I think this depends how deeply into the field of "mental health" you want to go. I am going to steer away from the actual psychiatry/in-patient hospital type jobs. And there are two reasons for that. One, with your own background, whatever that might be, it could be that having the burden of others' problems could be too much for you to deal with on a daily basis. As an example, consider someone whose mother was assaulted/murdered wanting to become a cop. Sometimes, it's not a good idea. Not saying it's not, but I want you to be aware of the possibility.
Secondly, I think that all of us face varying degrees of issues with "mental health" as we go through life. Removing the stigma associated with asking for help is important.
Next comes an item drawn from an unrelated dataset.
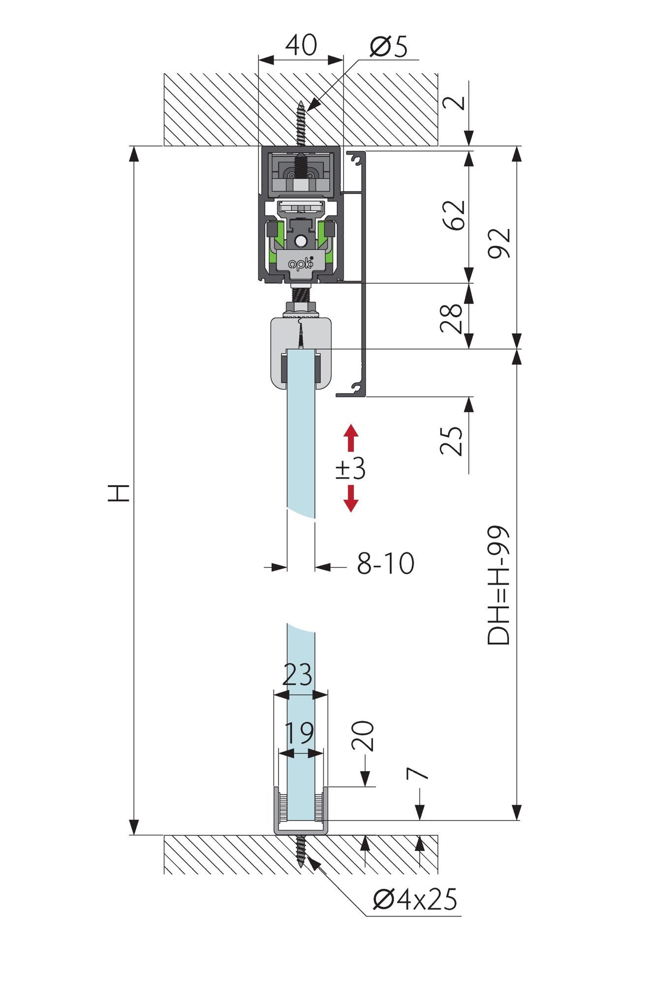 Specificaties automatische schuifdeur op maat van helder glas met gesloten railsysteem:

But, there are "coping skills" types of situations, just as there are the more complex ones that require medical intervention. I think the coping skills is just as important.
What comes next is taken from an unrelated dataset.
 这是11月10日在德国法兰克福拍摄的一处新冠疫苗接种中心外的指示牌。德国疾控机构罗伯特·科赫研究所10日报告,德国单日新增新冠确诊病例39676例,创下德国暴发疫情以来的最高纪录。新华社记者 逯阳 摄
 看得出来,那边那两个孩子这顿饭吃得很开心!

The people I have seen who have had a really big impact on kids have been coaches, ministers, scouts, FFA programs, etc. My son suffered from mental illness, and the person he ended up bonding with was a nextdoor neighbor who gave him odd jobs to do. Adults who are in a position to build a child's self esteem, and who the child trusts, can often do more for that child than a formal counselor would. I'm not sure how all this plays out as far as a career goes. Are you into sports? Would you want to be a HS coach?
The next question is one of salary. The "best" salary will not necessarily result in the greatest job satisfaction and overall happiness. Obviously, you need enough to live on and meet unexpected expenses. This is a combination of income/benefits/ and lifestyle. I've met some very affluent people who were not very happy. But, at the other end, a lot of social service jobs don't pay enough to support even a modest lifestyle.
Since you are in Texas, here is a website you may find useful. A word of caution. When looking at salary information, there is often a big difference between "median" and "entry level." Be mindful of these two terms. Entry level is often quite low, so some sites post "median" information instead.